Identification and Characterization of PLUTO-201, a Novel Long Non-Coding RNA Associated with Poor Outcomes in Prostate Cancer.

Abstract

Despite extensive investigation, the factors promoting aggressive prostate cancer are poorly understood. By performing a comprehensive analysis of whole-genome transcriptome data to identify differential expression across 1,567 patients with prostate cancer, we now report the identification of a novel lncRNA, Prostate Locus of Uncharacterized Transcript Outlier 201 (PLUTO-201), which is strongly associated with metastasis and poor overall survival in men with prostate cancer. We find that overexpression/knockdown of PLUTO-201 in pre-clinical models of prostate cancer modulates proliferation rates and markers of an aggressive phenotype through regulation of steroid biosynthesis and expression of the MHC class I complex, driving increased growth in androgen-depleted conditions and decreased susceptibility to T cell-mediated cytotoxicity. We further find that the heterogeneous nuclear ribonucleoprotein hnRNPK directly binds PLUTO-201 and is indispensable for its activity. Overall, our findings indicate that PLUTO-201 is a driver of aggressive prostate cancer phenotypes and poor clinical outcomes.
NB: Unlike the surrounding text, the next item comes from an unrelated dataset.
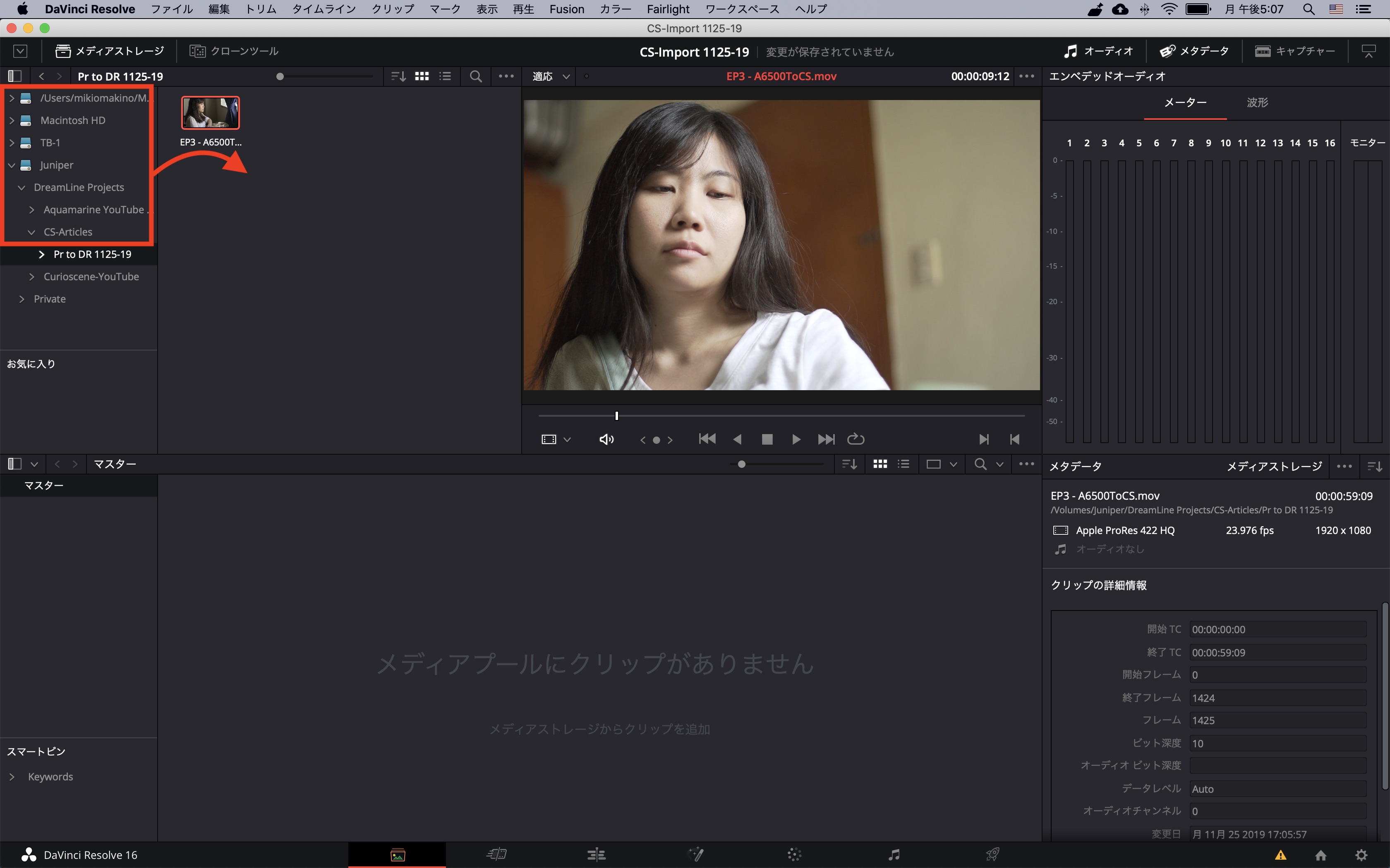 DaVinci Resolveへの読み込み
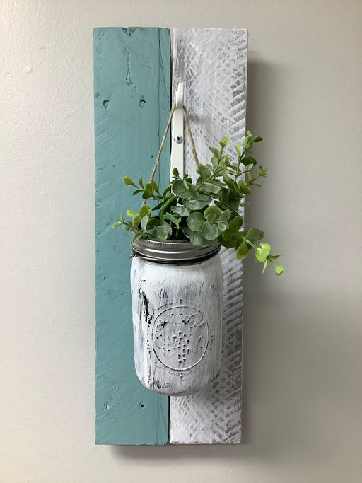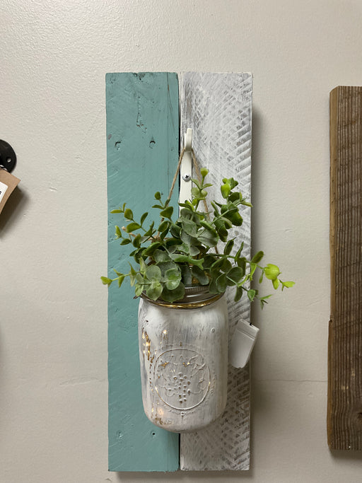 Only 1 left!Distressed wood boards with white hanging hook. Mason jar distressed in white with light up lights. Hand crafted and includes wall hangers. 7”x20”

Statement of significance: Identification and characterization of PLUTO-201, a novel lncRNA driving aggressive biology in prostate cancer, sheds new light on the mechanisms driving aggressive prostate cancer and will motivate therapeutic and biomarker development.

Statement of translational relevance: The factors promoting prostate cancer progression and metastasis are poorly understood, resulting in a lack of therapeutic targets and prognostic biomarkers for this disease. Here, we have identified the novel long non-coding RNA (lncRNA) PLUTO-201 as strongly associated with prostate cancer progression and metastasis in patients with localized prostate cancer undergoing prostatectomy. We show that PLUTO-201 promotes proliferation, invasion, and metastasis in multiple prostate cancer models both in vitro and in vivo . Mechanistically, we find that PLUTO-201 downregulates MHC class 1 and upregulates steroid biosynthesis by interacting with the heterogeneous nuclear ribonucleoprotein K (hnRNPK), leading to decreased T cell-mediated cytotoxicity and increased resistance to androgen receptor inhibition. Altogether, this study provides strong evidence for a critical role of PLUTO-201 in prostate cancer progression and metastasis, and a rationale for further exploration of PLUTO-201 as a therapeutic target and prognostic biomarker for patients with prostate cancer.